Prompt =>
Take the lines below from the one with "浙江省质监局抽查一次性塑料吸管产品" through the one with "对于每个用户,所有资产(包括" and retype them exactly. Include nothing else, and no pictures.

== == ==

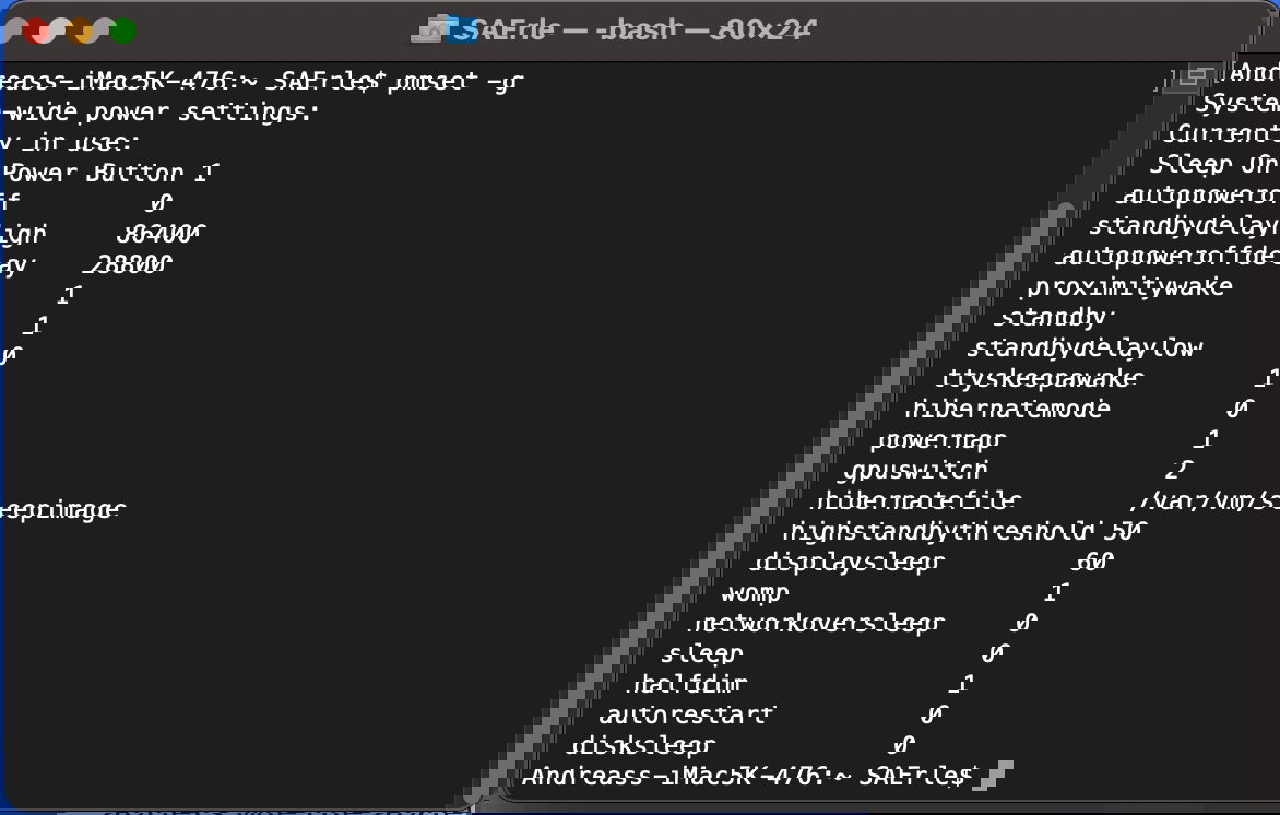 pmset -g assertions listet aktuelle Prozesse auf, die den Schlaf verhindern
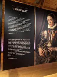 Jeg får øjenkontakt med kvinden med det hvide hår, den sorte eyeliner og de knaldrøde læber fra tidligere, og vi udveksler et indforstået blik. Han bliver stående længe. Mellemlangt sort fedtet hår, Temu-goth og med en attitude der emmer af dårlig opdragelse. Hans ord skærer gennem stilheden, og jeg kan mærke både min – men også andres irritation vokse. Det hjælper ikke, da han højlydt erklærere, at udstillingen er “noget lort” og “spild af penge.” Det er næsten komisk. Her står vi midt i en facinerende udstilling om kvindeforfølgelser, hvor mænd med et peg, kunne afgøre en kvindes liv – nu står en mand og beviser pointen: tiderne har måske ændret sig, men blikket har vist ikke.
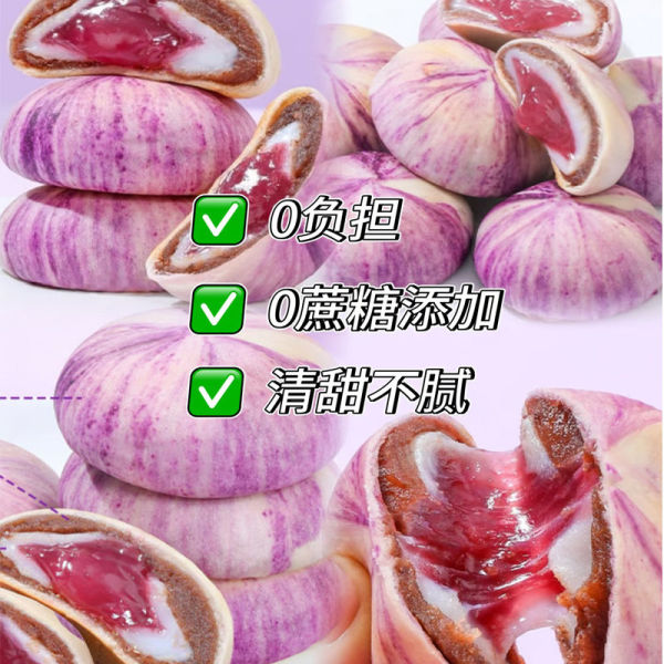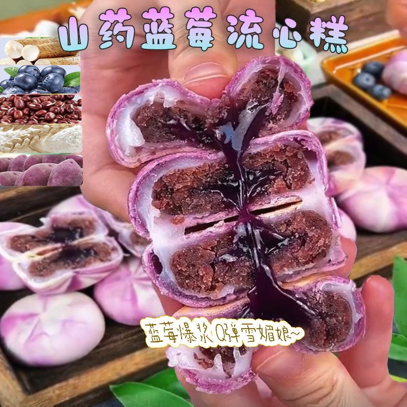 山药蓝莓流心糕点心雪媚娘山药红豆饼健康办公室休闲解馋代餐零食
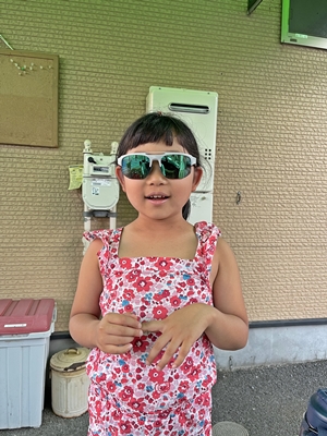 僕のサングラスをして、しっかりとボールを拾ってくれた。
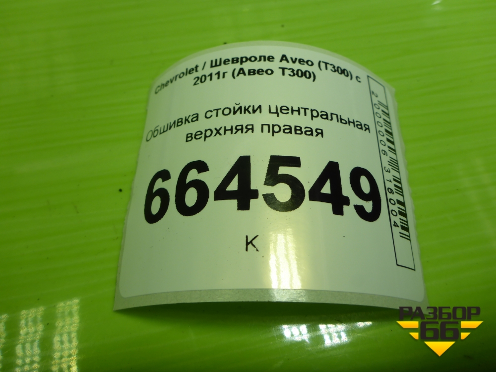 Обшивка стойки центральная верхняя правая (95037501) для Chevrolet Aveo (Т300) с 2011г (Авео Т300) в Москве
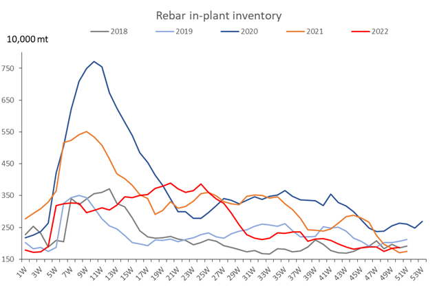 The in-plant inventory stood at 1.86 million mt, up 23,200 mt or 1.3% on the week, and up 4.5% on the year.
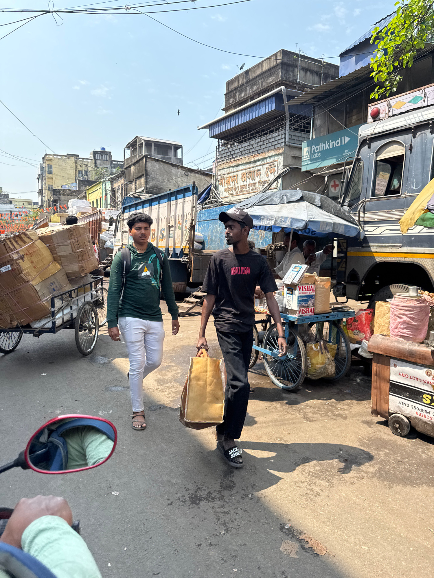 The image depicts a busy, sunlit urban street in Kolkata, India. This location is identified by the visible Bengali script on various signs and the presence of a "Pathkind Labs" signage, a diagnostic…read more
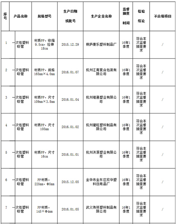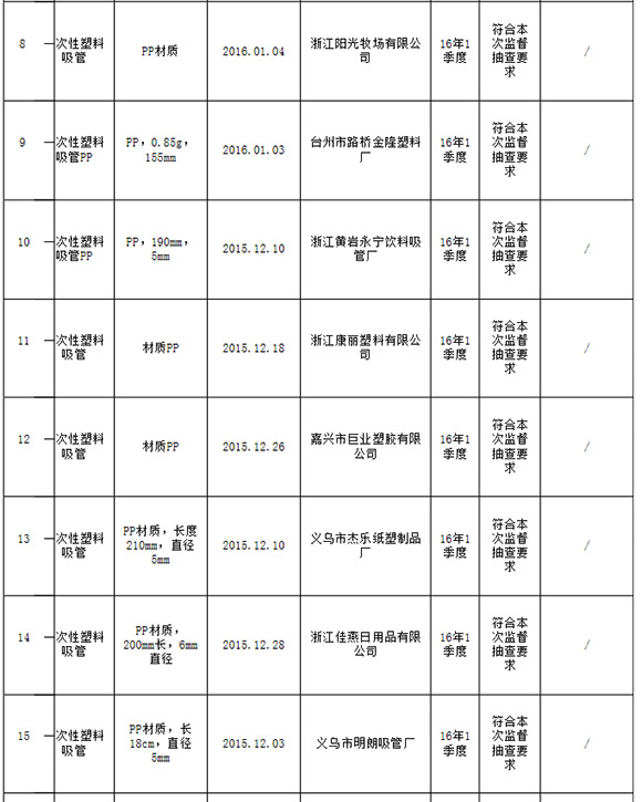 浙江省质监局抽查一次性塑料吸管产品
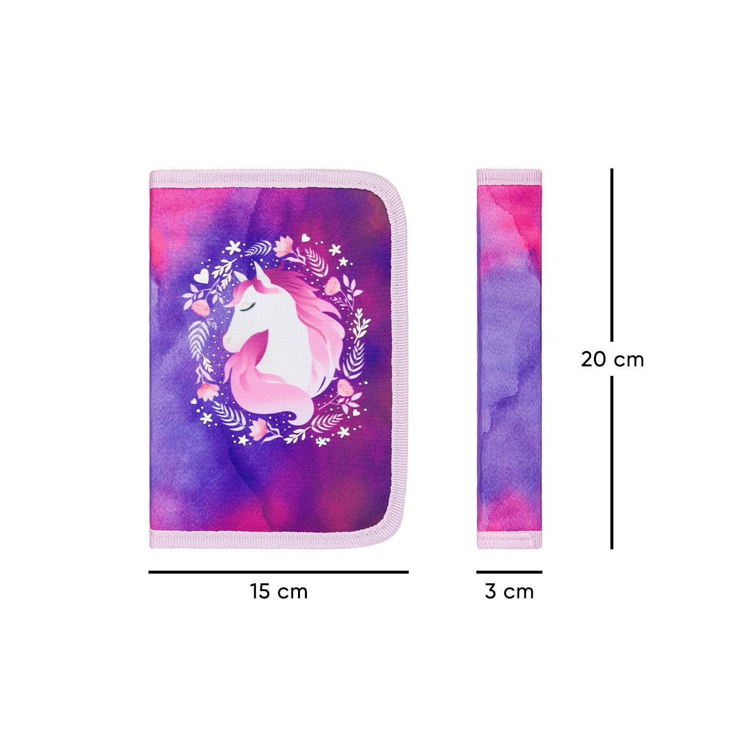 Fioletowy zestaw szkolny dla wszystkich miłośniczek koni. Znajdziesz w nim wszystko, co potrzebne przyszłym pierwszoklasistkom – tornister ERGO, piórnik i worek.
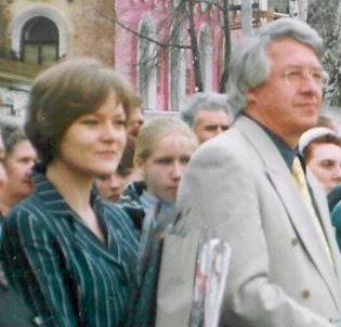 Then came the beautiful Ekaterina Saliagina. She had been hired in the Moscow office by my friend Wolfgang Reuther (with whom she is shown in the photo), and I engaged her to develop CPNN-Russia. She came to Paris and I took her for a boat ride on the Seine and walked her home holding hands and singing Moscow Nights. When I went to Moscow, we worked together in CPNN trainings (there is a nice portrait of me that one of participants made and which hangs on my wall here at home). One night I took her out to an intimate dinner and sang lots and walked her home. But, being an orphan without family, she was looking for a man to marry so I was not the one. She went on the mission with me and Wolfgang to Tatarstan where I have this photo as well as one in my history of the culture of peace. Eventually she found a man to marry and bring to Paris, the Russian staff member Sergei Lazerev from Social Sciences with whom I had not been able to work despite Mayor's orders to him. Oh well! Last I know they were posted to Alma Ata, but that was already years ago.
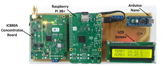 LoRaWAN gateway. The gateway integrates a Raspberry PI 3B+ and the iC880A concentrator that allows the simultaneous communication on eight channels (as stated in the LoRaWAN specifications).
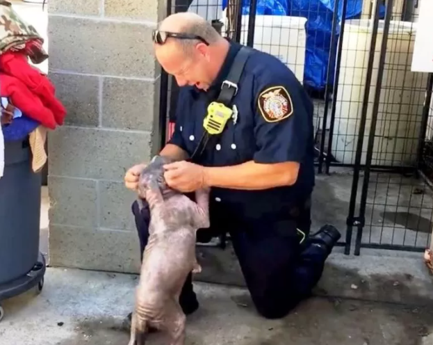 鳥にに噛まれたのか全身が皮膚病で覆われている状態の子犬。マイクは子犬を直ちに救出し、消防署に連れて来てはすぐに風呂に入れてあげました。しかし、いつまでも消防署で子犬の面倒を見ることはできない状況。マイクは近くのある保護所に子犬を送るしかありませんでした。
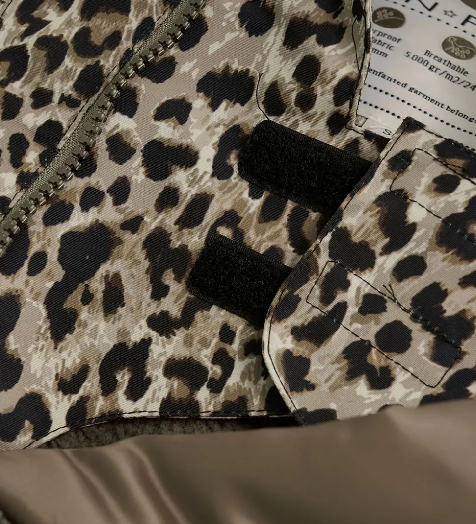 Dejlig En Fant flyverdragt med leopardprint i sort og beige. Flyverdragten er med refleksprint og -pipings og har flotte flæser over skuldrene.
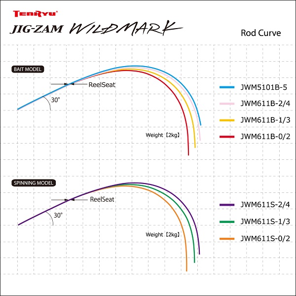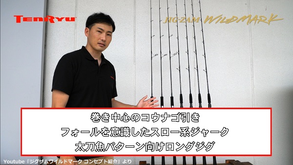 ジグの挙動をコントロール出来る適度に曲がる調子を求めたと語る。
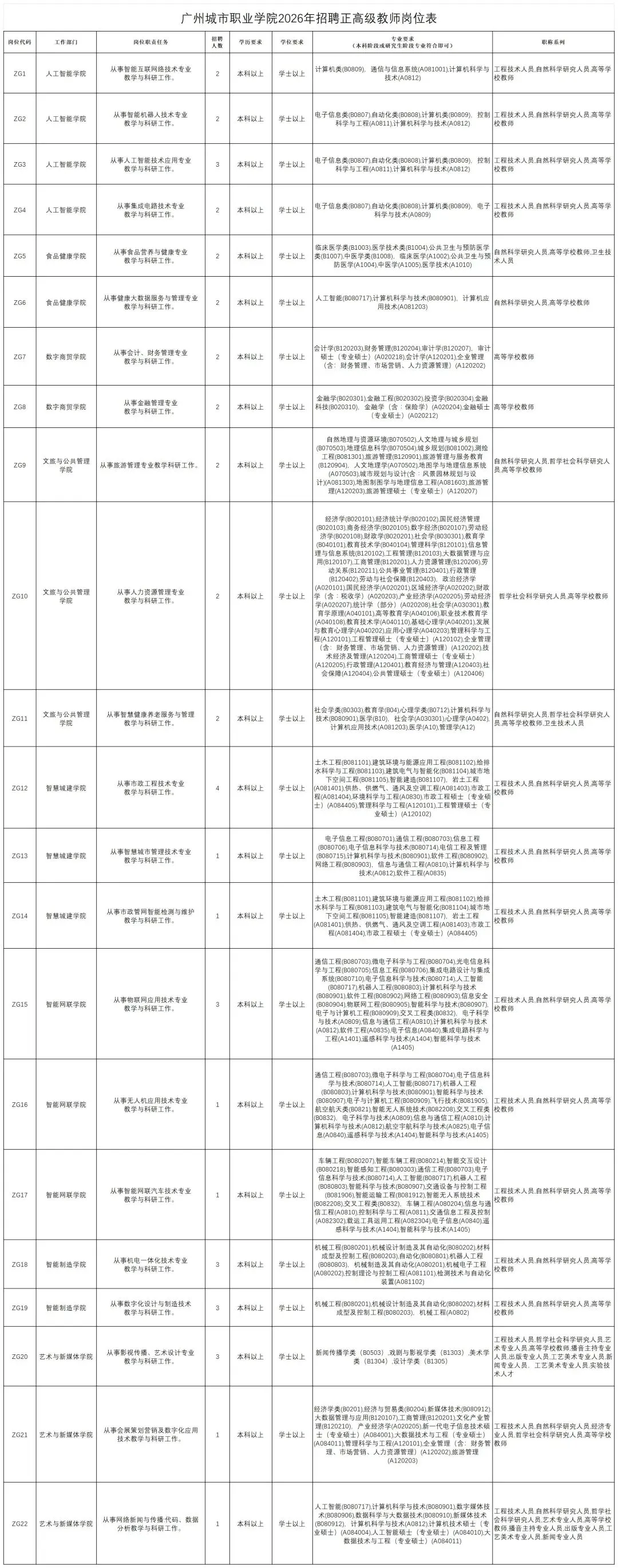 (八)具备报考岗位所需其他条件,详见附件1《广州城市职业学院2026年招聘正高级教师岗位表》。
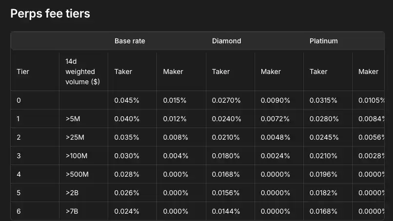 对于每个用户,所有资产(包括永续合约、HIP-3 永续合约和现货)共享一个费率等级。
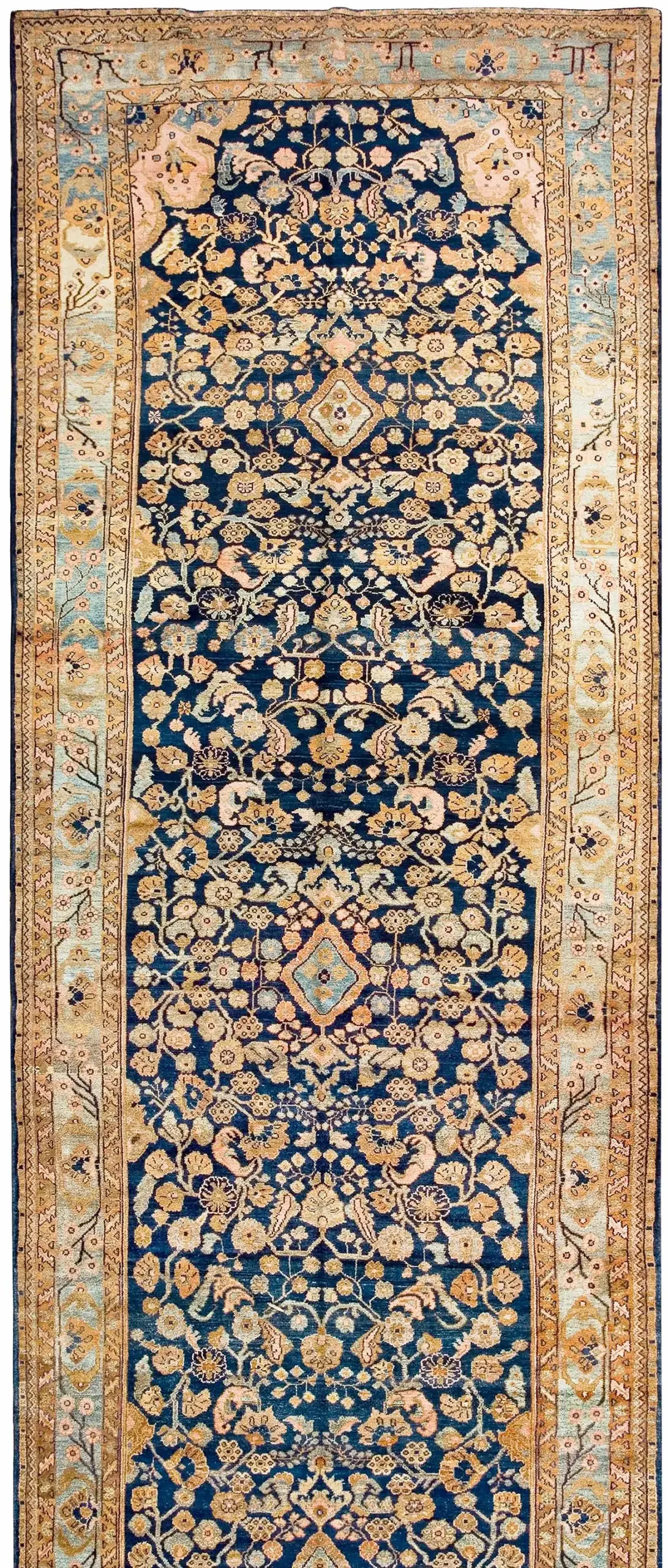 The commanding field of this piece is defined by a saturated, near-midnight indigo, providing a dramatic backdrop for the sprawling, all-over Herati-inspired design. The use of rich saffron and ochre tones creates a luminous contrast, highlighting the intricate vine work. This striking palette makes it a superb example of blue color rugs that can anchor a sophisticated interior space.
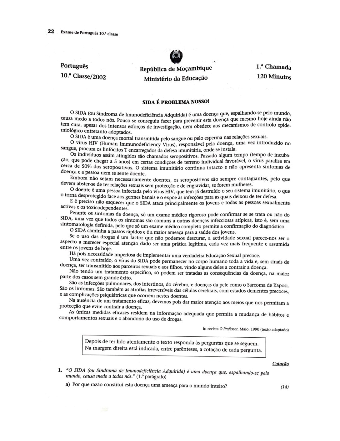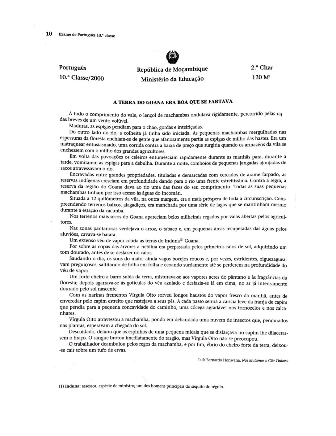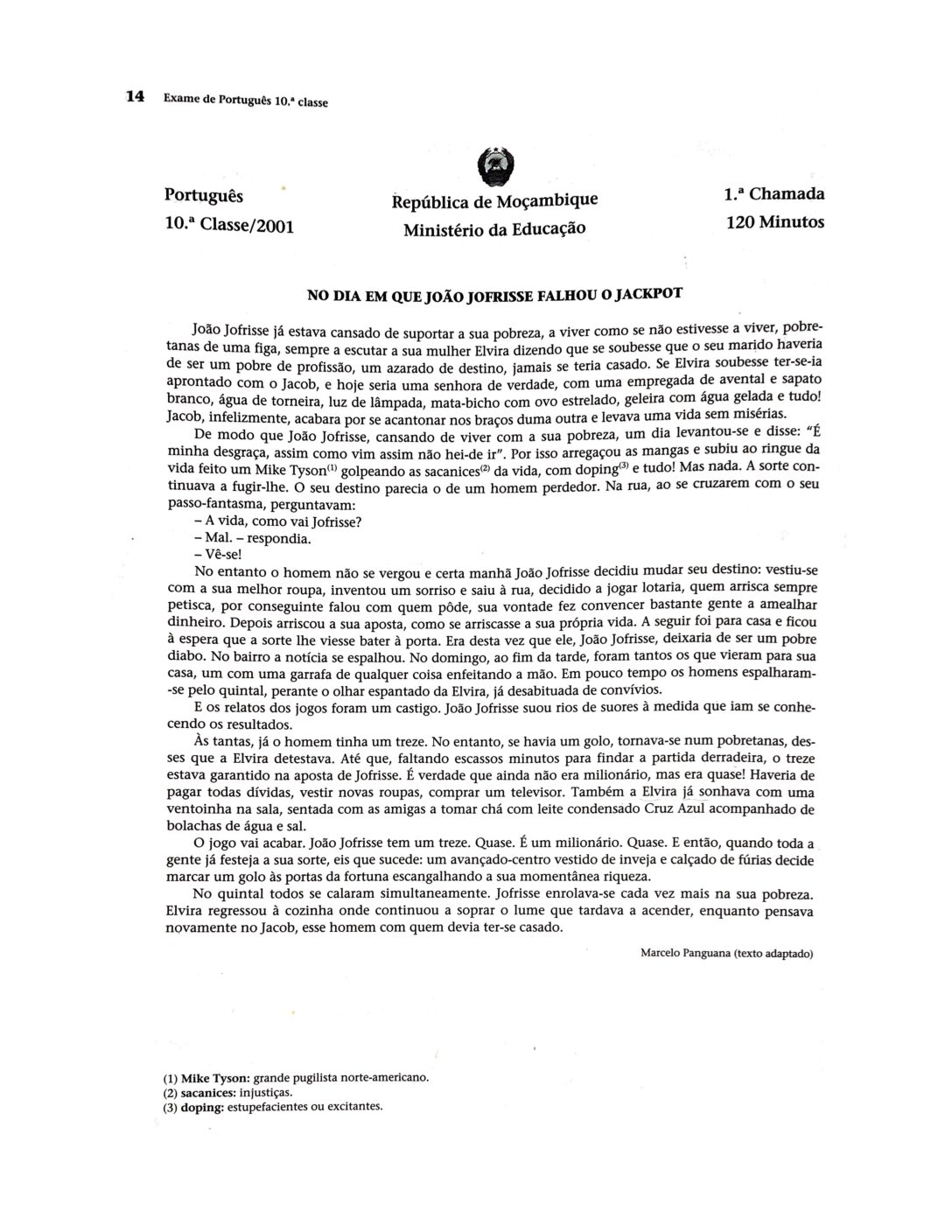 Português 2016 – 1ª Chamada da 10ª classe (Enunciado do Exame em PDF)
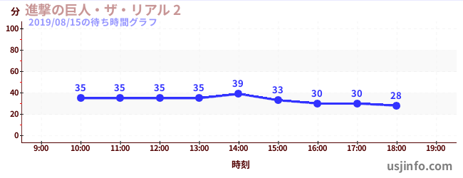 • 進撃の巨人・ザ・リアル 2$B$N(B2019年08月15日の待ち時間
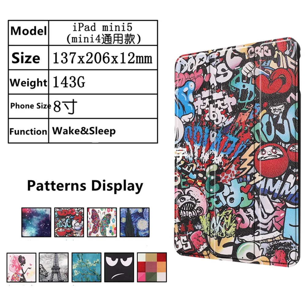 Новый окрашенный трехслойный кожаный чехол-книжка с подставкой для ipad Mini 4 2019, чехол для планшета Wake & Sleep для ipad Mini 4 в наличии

== == ==

Result of this exercise =>
 浙江省质监局抽查一次性塑料吸管产品
 Fioletowy zestaw szkolny dla wszystkich miłośniczek koni. Znajdziesz w nim wszystko, co potrzebne przyszłym pierwszoklasistkom – tornister ERGO, piórnik i worek.
 Then came the beautiful Ekaterina Saliagina. She had been hired in the Moscow office by my friend Wolfgang Reuther (with whom she is shown in the photo), and I engaged her to develop CPNN-Russia. She came to Paris and I took her for a boat ride on the Seine and walked her home holding hands and singing Moscow Nights. When I went to Moscow, we worked together in CPNN trainings (there is a nice portrait of me that one of participants made and which hangs on my wall here at home). One night I took her out to an intimate dinner and sang lots and walked her home. But, being an orphan without family, she was looking for a man to marry so I was not the one. She went on the mission with me and Wolfgang to Tatarstan where I have this photo as well as one in my history of the culture of peace. Eventually she found a man to marry and bring to Paris, the Russian staff member Sergei Lazerev from Social Sciences with whom I had not been able to work despite Mayor's orders to him. Oh well! Last I know they were posted to Alma Ata, but that was already years ago.
 LoRaWAN gateway. The gateway integrates a Raspberry PI 3B+ and the iC880A concentrator that allows the simultaneous communication on eight channels (as stated in the LoRaWAN specifications).
 鳥にに噛まれたのか全身が皮膚病で覆われている状態の子犬。マイクは子犬を直ちに救出し、消防署に連れて来てはすぐに風呂に入れてあげました。しかし、いつまでも消防署で子犬の面倒を見ることはできない状況。マイクは近くのある保護所に子犬を送るしかありませんでした。
 Dejlig En Fant flyverdragt med leopardprint i sort og beige. Flyverdragten er med refleksprint og -pipings og har flotte flæser over skuldrene.
 ジグの挙動をコントロール出来る適度に曲がる調子を求めたと語る。
 (八)具备报考岗位所需其他条件,详见附件1《广州城市职业学院2026年招聘正高级教师岗位表》。
 对于每个用户,所有资产(包括永续合约、HIP-3 永续合约和现货)共享一个费率等级。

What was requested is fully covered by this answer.